The Gift of Casa Marianella

The Gift of Casa Marianella

Truly Taking Care of the “Least of These”

Casa Marianella is Austin’s only homeless shelter dedicated solely to immigrants and refugees. 65% of the shelter’s residents, including children, are asylum seekers, many of whom come from immigration detention.

The shelter cares for an average of 325 individuals annually by providing housing, access to legal and medical resources, food, clothing, and English classes to homeless immigrants. Across two facilities in East Austin residential neighborhoods, the needs of men, women with children, and whole families escaping violence are met. Since opening its doors in 1986, the refugee population has evolved from caring for survivors of the Salvadoran Civil War to helping asylum seekers refugees and other immigrants from more than 40 countries.

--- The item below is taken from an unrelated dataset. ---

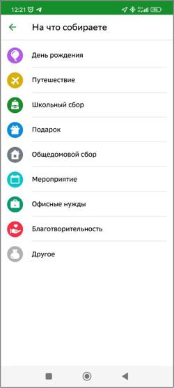 3. Нажимаем виджет Собрать деньги. Если виджета нет, то зелёную иконку в правом нижнем углу + и далее Собрать деньги.

My Story with Casa Marianella

I discovered Casa Marianella a few years ago after speaking with UCC members about how I could help refugees living in Austin. When I brought some donations over to the shelter, I met several staff members and a number of the residents. I was astonished to see how every square inch of sleeping and kitchen space is used to accommodate all the refugees.

A large map on the main wall traces the routes the current residents took to arrive in the United States to seek asylum. The residents offered glowing praise for the welcome and care they received at Casa Marianella.

That day, I had the pleasure of meeting Jenifer Long – the saint who runs Casa, with the help of a remarkable staff.  Honestly, I can’t imagine where she gets all her creativity and energy, if not directly from the Divine.

Fast forward to 2016. The UCC Outreach Council was asked to identify where we could best donate funds to the most disenfranchised and most in need in our community. Because of its work with Austin refugees, Casa Marianella emerged as the best recipient. UCC purchased beds for a new house just around the block from the shelter’s original building. Now a bustling house called Casa Salaam that complements Posada Esperanza, this new facility is designed specifically for newly immigrated mothers and their children.

Creating the Space for Success

In 2017, Casa Marianella started a Host Program, one structured around steps that provide very clear guidelines for both the resident and the host:

1) A resident spends three months learning how to get around Austin, how to fill out forms, get their health care and English lessons.
2) After this, the resident can go to a host family’s home for another three months to further integrate into the Austin community.
3) After those three months, the resident can either move to their own housing or return to Casa.

My family has enjoyed having an Eritrean and three Venezuelans stay with us over the last six months, and we are looking forward to hosting more next year. It’s been fun and a huge learning experience for us all, and we’ve discovered the delights of Eritrean and Venezuelan food!

I’d like to close with one family’s recent story lifted from the shelter’s website:

Our home for women and children, Posada Esperanza of Casa Marianella, recently helped reunite a family from Congo. The father and his six-year-old daughter came to immigration at the US/Texas border and asked for asylum. At that point, immigration took the child away from the father, put the father in detention, and sent the daughter to an organization in Chicago that serves unaccompanied minors. Three weeks later the mother arrived at the US/Texas border to ask for asylum. She was heavily pregnant. They detained her but just for a few days. They wanted to release her and asked Posada Esperanza of Casa Marianella if we had room to take her. We took her in, and soon learned that she was in extreme mental/emotional pain, as she had no idea where her daughter was.

We started making calls, and two days later we made contact with the organization in Chicago who said they had the child. From there, the organization told us of the documents and photos that the mother must provide in order to prove that she is the mother. Many of the items are things that she had to get by contacting people in Congo to send images. The organization followed up with requests for more documents, clearer images of certain documents, translations into English of the documents, etc. All of this back and forth and waiting on their responses took about two weeks. Meanwhile, the father was released from detention, and we moved the mother and father into Casa Salaam, our house for two-parent immigrant families. During the five weeks that we waited to get the child back, the mother and child were granted two 30-minute phone conversations.

It was essential that the mother had a place to live in order for the Chicago agency to return the child. What would a parent do who didn’t have stable housing or simple access to make all these scans, emails, translation, and calls? It took a lot of logistical navigating, and we are so thankful for our Posada staff who have worked tirelessly over the past 5 weeks to reunite this family.

Finally, the daughter was flown from Chicago to Austin. Mom and Dad were dressed in their Sunday best and filled with anticipation to finally have their daughter back with them. Casa Marianella will continue to provide this family with shelter, food, legal services, and everything they need to heal.

To me, that says it all.  God bless Casa Marianella.